Sunday, June 16, 2013


ISEAS Perspective #36, 2013

The Philippines in China’s Soft Power Strategy
By Aileen San Pablo-Baviera (Guest Writer)

• China has expressly recognized the value of soft power as an instrument of diplomacy. The Philippines, because of its maritime disputes with China and its close security ties with the United States, is an interesting case for studying the efficacy of Chinese soft power.
• While awareness of Chinese culture and appreciation of its consumer products
have grown in the Philippines, there are hindrances (language gap, perceptions
of shoddy product quality, competing cultural influences, etc.) remaining that prevent these from translating into useful soft power.
• Chinese and Filipinos have widely divergent political values despite shared aspirations and common problems. China’s authoritarian political model does not offer great attraction for Filipinos in light of the Philippines’ own experiences.
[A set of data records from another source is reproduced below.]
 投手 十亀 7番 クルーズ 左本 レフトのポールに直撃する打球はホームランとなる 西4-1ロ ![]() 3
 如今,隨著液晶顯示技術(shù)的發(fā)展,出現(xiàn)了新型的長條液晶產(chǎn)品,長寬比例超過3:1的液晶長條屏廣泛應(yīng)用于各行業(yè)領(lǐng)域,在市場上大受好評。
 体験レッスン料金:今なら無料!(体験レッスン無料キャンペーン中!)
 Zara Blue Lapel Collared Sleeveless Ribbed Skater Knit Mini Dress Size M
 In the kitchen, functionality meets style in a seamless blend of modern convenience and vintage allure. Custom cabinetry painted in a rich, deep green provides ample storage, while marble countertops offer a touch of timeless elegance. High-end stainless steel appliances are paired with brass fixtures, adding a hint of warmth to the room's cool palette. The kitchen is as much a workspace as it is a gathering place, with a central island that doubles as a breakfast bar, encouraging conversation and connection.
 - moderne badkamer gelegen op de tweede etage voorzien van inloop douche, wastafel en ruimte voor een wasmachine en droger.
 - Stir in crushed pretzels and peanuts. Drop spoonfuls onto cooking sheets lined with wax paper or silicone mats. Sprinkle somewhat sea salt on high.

• China’s approaches to development can provide many positive as well as a few
negative lessons for the Philippines as the latter strives to achieve similar progress and prosperity.
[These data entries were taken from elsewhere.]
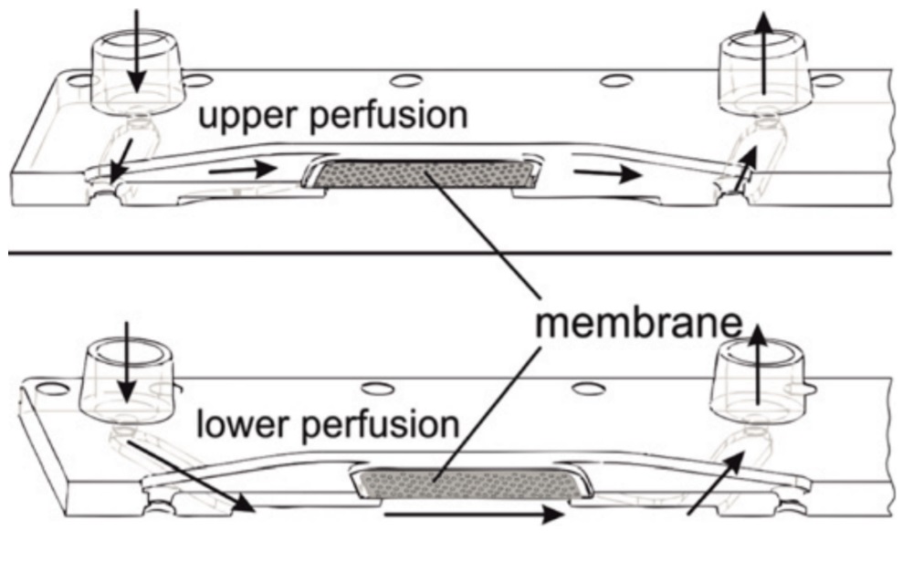 • 微流体细胞培养芯片(具有错流膜):膜片上部和下部流体流动
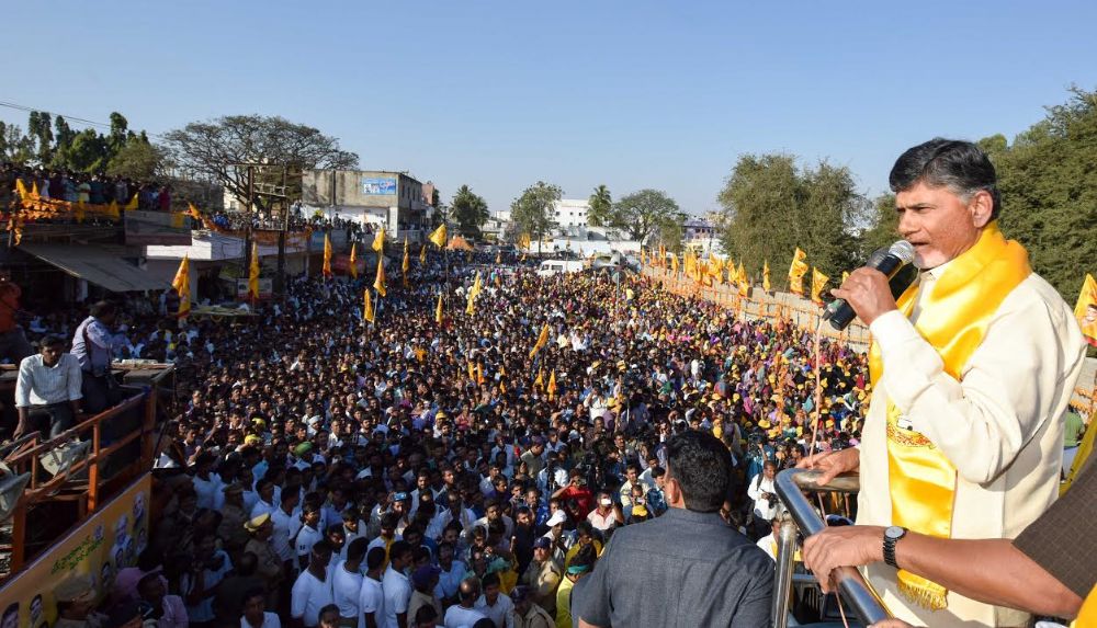 TDP National President N. Chandrababu Naidu during TDP - BJP GHMC Elections Campaign in Hyderabad on 29th January 2016.
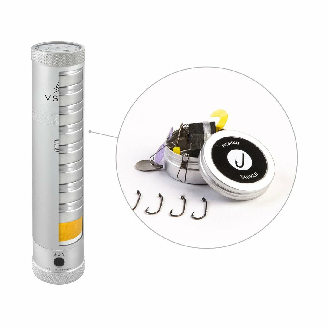 - The ultimate compact adventure kit with LED survival torch

• China is likely to emerge as a major investor, creditor and source of development
assistance for the Philippines, but development cooperation needs to be consistent with certain partnership norms and governance principles already in place in
the Philippines.
• Soft power is welcome, but in light of heightening territorial tensions, Filipinos
are likely to feel more reassured if China commits instead to using its hard power
less in the future.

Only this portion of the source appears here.